Dolore neuropatico post-traumatico: una sfida medico-legale, non un problema “soggettivo”

Nel dibattito medico-legale il dolore è spesso il terreno più scivoloso. Perché non si fotografa, non si misura con un righello, non si “vede” su un referto come una frattura.

Ma c’è un punto che merita di essere detto con chiarezza, soprattutto quando parliamo di dolore neuropatico ad origine traumatica: non siamo davanti a un dolore “più intenso”. Siamo davanti, spesso, a una disfunzione organica del sistema nervoso. E questo cambia tutto.

Il dolore neuropatico post-traumatico mette in crisi un’abitudine mentale molto radicata: l’idea che l’entità dell’esito debba essere proporzionata alla visibilità del danno anatomico residuo. In realtà può accadere l’opposto: un evento traumatico anche non eclatante può attivare una condizione persistente, che nel tempo smette di essere una semplice conseguenza e diventa una limitazione autonoma, stabile, funzionalmente invalidante.

Qui sta il salto culturale: la medicina legale non è chiamata a “credere” al dolore, né a premiarlo come narrazione. È chiamata a fare qualcosa di più serio e più tecnico: riconoscere quando quel dolore rappresenta una disfunzione coerente, compatibile e invalidante.

Dal dolore alla funzione

Il punto decisivo, infatti, non è chiedersi “quanto dolore sente”. È chiedersi: che cosa non riesce più a fare, e perché?

Perché nel dolore neuropatico il danno non è il dolore in sé, ma l’effetto sulla funzione. La persona può perdere tolleranza allo sforzo, continuità lavorativa, capacità di mantenere posture o di svolgere azioni ripetitive senza crollare. Può sviluppare un’ipersensibilità che trasforma gesti banali in un’esposizione costante allo stimolo doloroso. E spesso il tempo non risolve: cronicizza, consolida, amplifica.

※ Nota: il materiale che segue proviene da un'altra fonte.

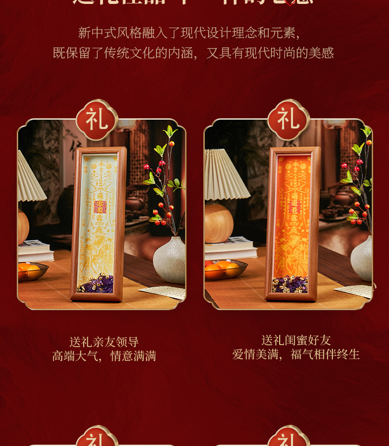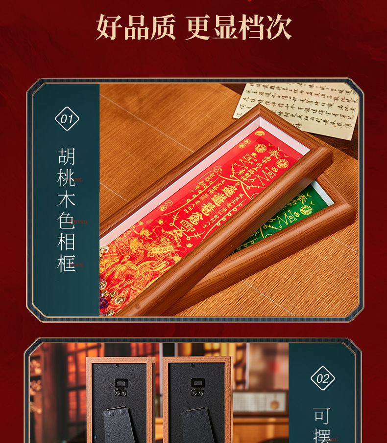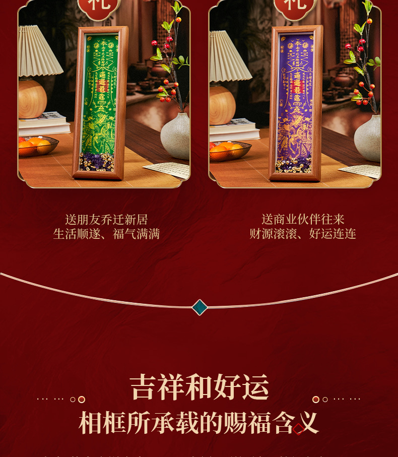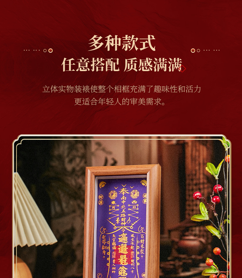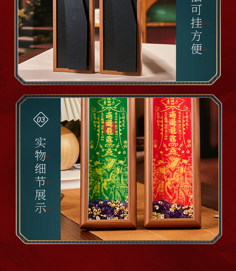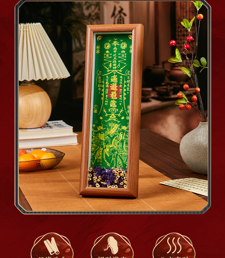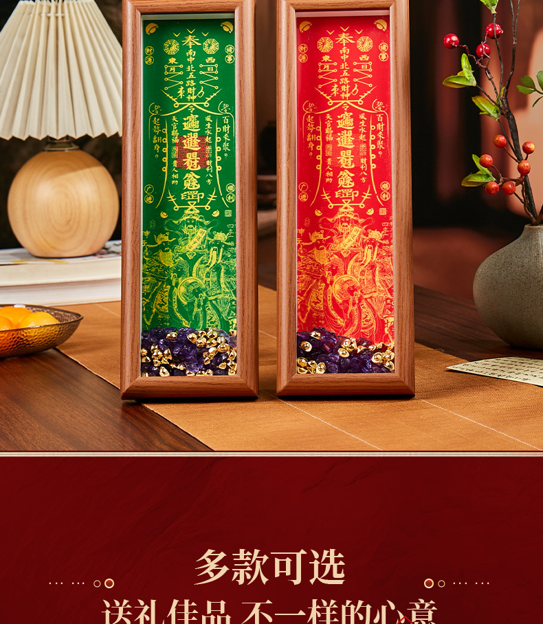 顺风顺水天官赐福手串木质相框摆件礼物客厅办公室桌面摆件摆台
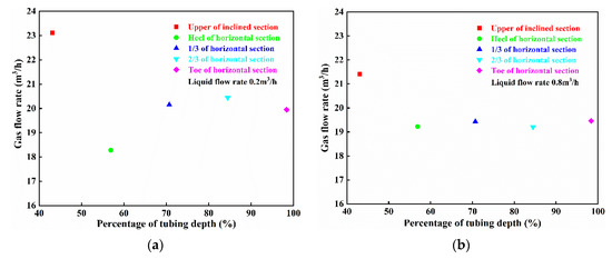 Gas flow rate of liquid-carrying in different tubing depths: (a) liquid flow rate 0.2 m3/h; (b) liquid flow rate 0.8 m3/h.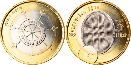 | | Slovenia, 3 Euro, 1er médaillé olympique, 2012, , Bi-Metallic, KM:109 | | | Stylized fencing, 7 fencing swords pointed downward | | FEATURES |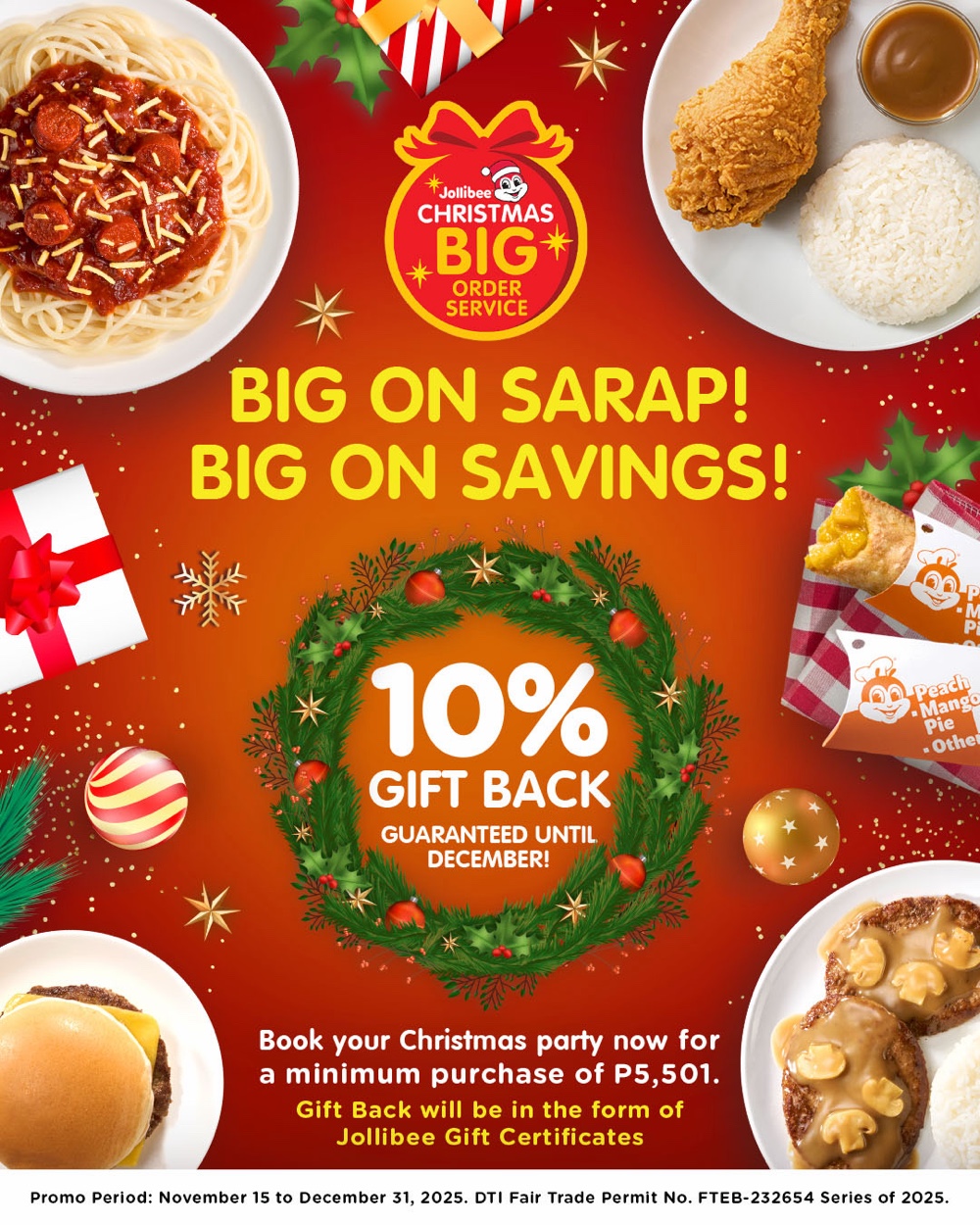 Inside the stores, customers can get their hands on the Christmas Bundle, available nationwide for ₱399, which includes a collectible Jollibee Bag Charm and items like Chicken Fillet with Pepper Cream Sauce and Jolly Spaghetti, offering a festive treat for the whole family. Promo runs until December 31, 2025.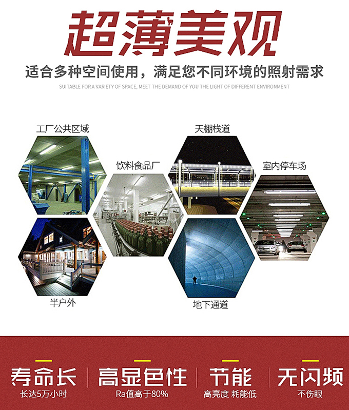 工廠車間、辦公室、食品廠、冷庫、商場、超市、紡織廠、防腐等場所的照明,可完全替代傳統(tǒng)三防燈具。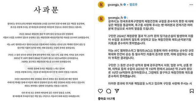 광주 구단은 29일 구단 SNS를 통해 “재정 건전화 규정을 준수하지 못한 데 깊은 책임을 통감하며, 축구를 사랑해주시는 팬·관계기관 여러분께 진심으로 사과의 말씀을 드린다”고 밝혔다.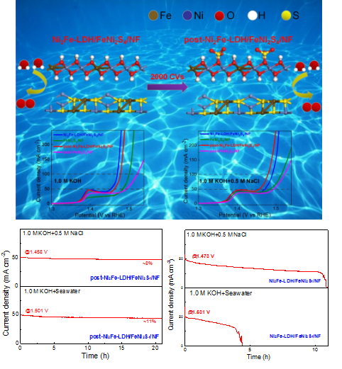 海水约占全球水资源的96.5%,被认为是水电解制氢工程取之不尽的原料。然而海水电解的最大挑战来自Cl-的氧化和及其对催化剂的腐蚀。基于此,本工作先通过控制水热时间对泡沫镍上生长的Ni2Fe-LDH进行部分硫化,制备了镍铁层状双金属氢氧化物/硫化镍铁异质结构(Ni2Fe-LDH/FeNi2S4/NF),该催化剂具有丰富的异质界面、良好的导电性和碱性水氧化催化活性;经2000圈CV活化后,后催化剂post-Ni2Fe-LDH/FeNi2S4/NF表面形成了可以排斥氯离子到达催化剂的活性位点硫酸盐层,使该后催化剂具有优良的耐氯离子腐蚀的性能。因此,在碱性模拟海水溶液中,post-Ni2Fe-LDH/FeNi2S4/NF的析氧催化性能明显优于未活化的催化剂Ni2Fe-LDH/FeNi2S4/NF。当达到100 mA cm−2的电流密度时,前者只需要250 mV的过电位,明显低于后者相应的电位250 mV;前者在达到50 mA cm−2的电位下,计时电流测试20 h后电流密度衰减为8%,在同样条件下,后者运行10 h后电流密度降低约40%。

È qui che il classico dualismo “oggettivo contro soggettivo” mostra i suoi limiti. Perché il dolore neuropatico non pretende di essere visto: pretende di essere letto clinicamente. Esiste una coerenza possibile tra dinamica lesiva, territorio interessato, andamento temporale e ricadute funzionali. Esiste una fenomenologia tipica. Esiste una logica neuro-funzionale.

L’errore più frequente non è negare il dolore. È ridurlo a rumore di fondo quando manca un deficit macroscopico. Come se l’assenza di paralisi o di segni eclatanti equivalesse automaticamente all’assenza di menomazione.

Rendere visibile l’invisibile

Ma nel dolore neuropatico post-traumatico la menomazione non è sempre un “meno”. A volte è un “diverso”: una funzione che esiste, ma è distorta e diventa patologica.

Per questo serve una grammatica medico-legale più evoluta. Non per allargare le maglie in modo emotivo, ma per rendere le valutazioni più aderenti alla realtà clinica. Perché quando la disfunzione non viene riconosciuta, accade qualcosa di molto concreto: il lavoratore risulta “quasi guarito” nella carta, ma non lo è nella vita. E quel vuoto lo paga interamente lui, nel corpo, nel lavoro, nella dignità sociale.

Nevra lavora anche su questo: portare il dolore neuropatico post-traumatico fuori dall’equivoco. Non come tema opinabile, ma come condizione organica che può diventare invalidante. E che merita letture cliniche e medico-legali capaci di distinguere tra l’indimostrabile e ciò che, invece, è semplicemente rimasto senza linguaggio.

Se una tutela non sa nominare un problema, quel problema non scompare. Semplicemente, diventa invisibile. E l’invisibile, quasi sempre, è ciò che viene negato per primo.